The global Bioprocess Validation Market is estimated to be valued at US$ 356.8 Mn or Mn in 2023 and is expected to exhibit a CAGR of 11.% over the forecast period 2023 to 2030, as highlighted in a new report published by Coherent Market Insights.
Market Overview:
Bioprocess validation involves testing and documentation to ensure that processes used in bioprocessing produce the intended results consistently and reliably. It is essential for developing and producing biological products like monoclonal antibodies, recombinant proteins, vaccines etc used in the pharmaceutical and biotechnology industry.
Market key trends:
Growing demand for vaccine and monoclonal antibodies has boosted demand for bioprocess validation. The COVID-19 pandemic further accelerated regulatory approvals and investments in bioprocessing. Regulatory agencies like FDA emphasize on process validation for biologics which is driving increased adoption. Advances in technologies like single-use bioreactors, biosensors and digital tools are helping reduce costs and streamline validation procedures. However, high capital requirements and long duration of validation studies continue to remain challenges.
Market key trends:
The bioprocess validation market has been witnessing significant growth over the past few years. One of the key trends driving the market growth is the increasing adoption of single-use bioprocessing systems by biopharmaceutical manufacturing facilities. Single-use bioprocessing offers advantages such as lower capital costs, easier scalability, and reduced risks of cross-contamination. Along with this, the streamlining of bioprocess validation documentation has also gained prominence as it helps improve operational efficiencies. Pharmaceutical companies are focusing on leveraging digital technologies like electronic data management systems and cloud computing solutions to streamline validation documentation processes.
SWOT Analysis
Strength: Growing biopharmaceutical industry driving the demand for validation services.
Weakness: High costs associated with validation processes.
Opportunity: Emerging markets in Asia Pacific expected to present lucrative growth opportunities.
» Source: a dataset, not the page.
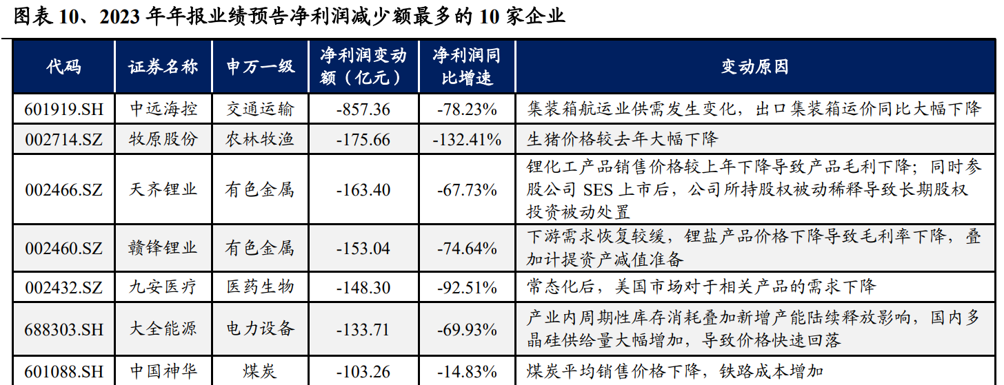 从个股来看,2023年年报业绩预告净利润增加额最多的10家公司中4家分布于交通运输行业,主要受益于国内经济复苏、消费者出行能力和意愿修复;另外还有2家来自新能源板块,其余则平均分布在农林牧渔、地产、公用事业和商贸零售行业。而2023年年报业绩预告净利润减少额最多的10家公司中有4家分布于新能源上游板块(锂矿&硅料),主要是受产能过剩,供需失衡,主要产品价格下跌影响;还有2家来自房地产板块,地产基本面仍然相对承压。
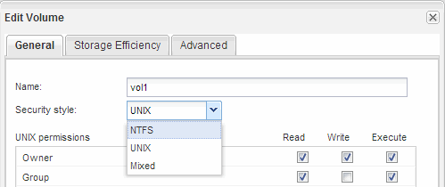A caixa de diálogo Editar volume é exibida, mostrando o estilo de segurança atual do volume, que é herdado do estilo de segurança do volume raiz SVM.

Threats: Stringent regulatory requirements for validation protocols pose challenges.
Key Takeaways
The Global Bioprocess Validation Market Size is expected to reach US$ 356.8 Mn in 2023, exhibiting a CAGR of 11% over the forecast period. The growth is attributed to increasing demand for biologics and monoclonal antibodies for treating various diseases.
Regional analysis: North America currently dominates the global market and is expected to continue its dominance over the forecast period. This is attributed to well-established biopharmaceutical industry, strong presence of major players and stringent regulatory framework in the region. Asia Pacific is expected to register fastest growth during the analysis period supported by expansion of biopharmaceutical facilities, streamlined validation processes and rising generics market in emerging economies like China and India.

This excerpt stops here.